Video Links: bilibili or Youtube.

1. Prerequisites

Our software is developed and only tested in Ubuntu 16.04, ROS Kinetic (ROS Installation), OpenCV 3.3.1.

Ceres Solver (Ceres Installation) is needed.

2. Build on ROS

cd your_catkin_ws/src
git clone [email protected]:ZJU-FAST-Lab/VID-Fusion.git
cd ..
catkin_make  --pkg quadrotor_msgs  # pre-build msg
catkin_make

3. Run in vid-dataset

cd your_catkin_ws
source ~/catkin_ws/devel/setup.bash
roslaunch vid_estimator vid_realworld.launch
roslaunch benchmark_publisher publish.launch #(option)
rosbag play YOUR_PATH_TO_DATASET

We provide the experiment data for testing, in which the vid-experiment-dataset is in ros bag type. The dataset provides two kinds of scenarios: tarj8_with_gt and line_with_force_gt.

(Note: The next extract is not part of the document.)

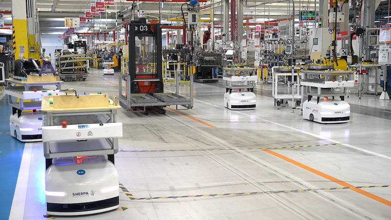 為了實現(xiàn)目標,Sherpa移動機器人提議在由其車隊管理系統(tǒng)軟件管理的六個機器人車隊的支持下,對裝配線進行完全重組。與AGV不同,這些AMR不依賴專用路徑。它們可以編程,以適應環(huán)境的約束和不斷的進化。

  • tarj8_with_gt is a dataset with odometry groundtruth. The drone flys with a payload.

  • line_with_force_gt is a dataset with external force groundtruth. The drone connects a force sensor via a elastic rope.

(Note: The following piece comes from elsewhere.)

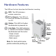 The side panel has the following features: • On/Off button. Turns the device on and off. • WPS button. Press the WPS button to wirelessly connect the Extender to your router or wireless adapter. • Factory Reset button. To use this button, stick a paper clip into the reset hole and hold it until the Status LED flashes. • Ethernet port. You can connect a computer or other device to this port as described in the User Manual.

A new visual-inertial-dynamics dataset with richer scenarios is provided in VID-Dataset.

The drone information should be provided in VID-Fusion/config/experiments/drone.yaml. It is noticed that you should use the proper parameter of the drone such as the mass and the thrust_coefficient, according to the related bag file.

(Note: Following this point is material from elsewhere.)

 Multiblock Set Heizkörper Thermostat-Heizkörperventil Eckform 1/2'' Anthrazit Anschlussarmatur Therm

As for the benchmark comparison, we naively edit the benchmark_publisher from VINS-Mono to compare the estimated path, and add a external force visualization about the estimated force and the ground truth force. The ground truth data is in VID-Fusion/benchmark_publisher/data. You should switch path or force comparison by cur_kind in publish.launch (0 for path comparison and 1 for force comparison).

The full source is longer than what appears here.